The decades of the late 20th century and the earliest years of the 21st that formed the heart of my career were largely defined by the central idea of American environmentalism. The industrial world was a danger to air, water, land, wild creatures and people. But sound law, effective regulation, civic activism, and strong reporting could be applied to substantially reduce the risk. America, in short, showed itself capable of mitigating harm, cleaning up pollution, and preserving the wild places that supported the nation’s natural diversity. I have lived for 20 years in northwest Michigan, a place that proved the effectiveness and value of these ideas.
I just never thought we’d be afraid of the wind.

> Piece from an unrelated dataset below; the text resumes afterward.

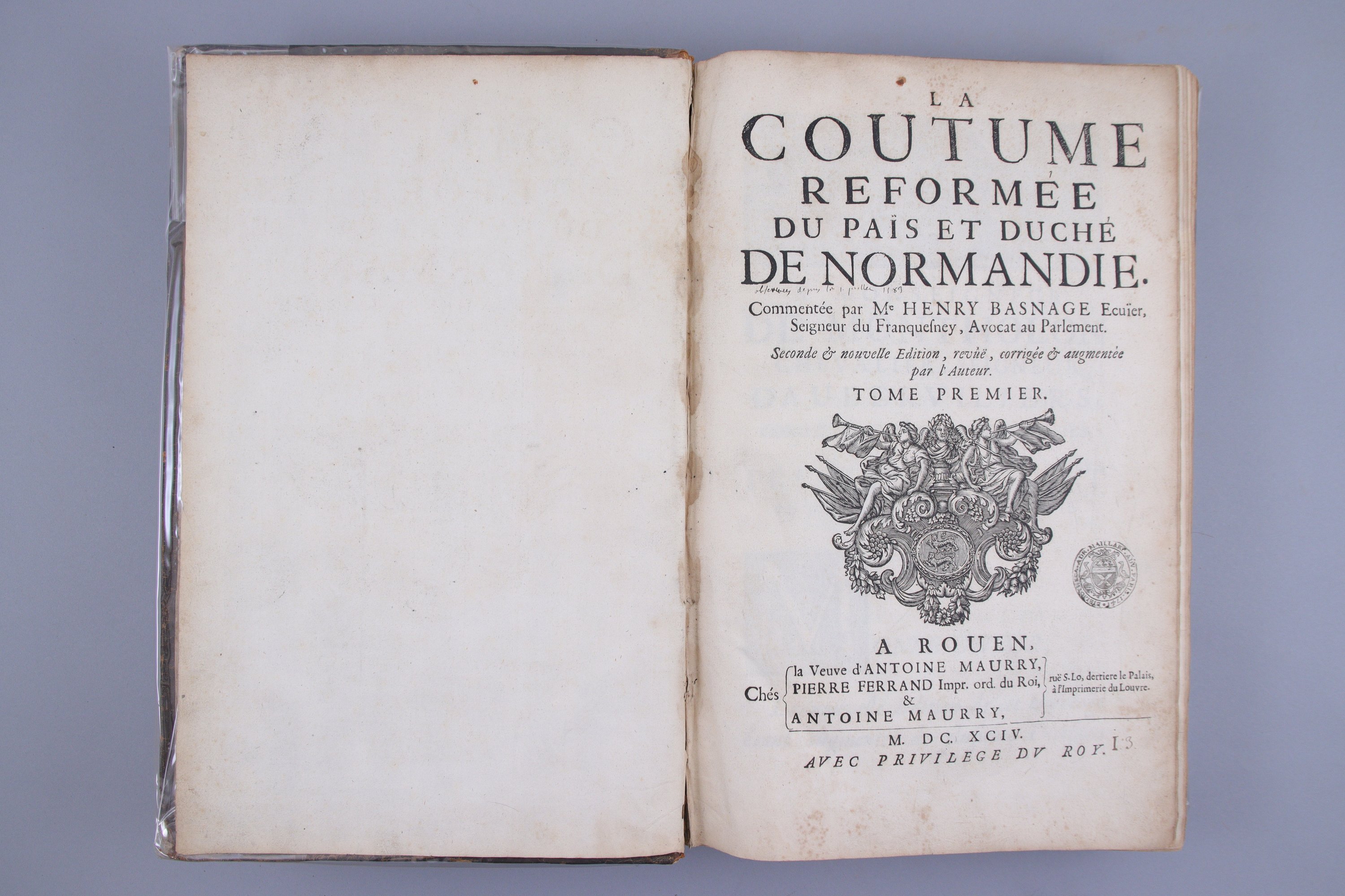 Rouen, Veuve d'Antoine Maurry et Pierre Ferrand. 1694

More than three years ago my work shifted to a new path fostered by the understanding that climate change, national security risks, and the nation’s crying need for innovation to spark job growth represented a remarkable opportunity for environmentalism. One of the most important solutions for the warming planet, oil-related wars, and new jobs was pursuing clean energy development here at home. Nature offered an answer in unlimited quantities of energy from the sun, the wind, the earth (geothermal), and from converting plants to fuel. Applying our intelligence to harvest these sources, including producing cars that didn’t need oil-based fuels, represented a much safer way of conducting our affairs.
The basic construct of a transition to new energy sources seems sound. By no means, though, are Americans convinced about the benefits or the risks. As I noted in an earlier post this week, Republicans are suspicious of the science of climate change and ideologically opposed to public investment in clean energy. Grassroots activists are resisting construction of clean energy projects of scale all over the country and especially here in Michigan. Most everybody else is hardly paying attention, driven instead by concerns about job security, falling incomes, the price of gasoline, their liberal neighbors, their conservative neighbors, China, terrorism, you name it.
Boiled down, the country is expressing its fear of the future. Fear is the dominant American emotion of our time. Fear could halt a major clean energy investment in my home county and has already done so in many others across the country.
How is it that a nation so fearless that it put a man on the moon, built an interstate highway system, protected civil rights and women’s rights and gay rights, made industrial workers the highest paid on Earth, instituted an environmental protection program that grew the economy eight-fold, strengthened its great universities, and elected a black president has become immobilized? How is it that we’ve become afraid of the wind?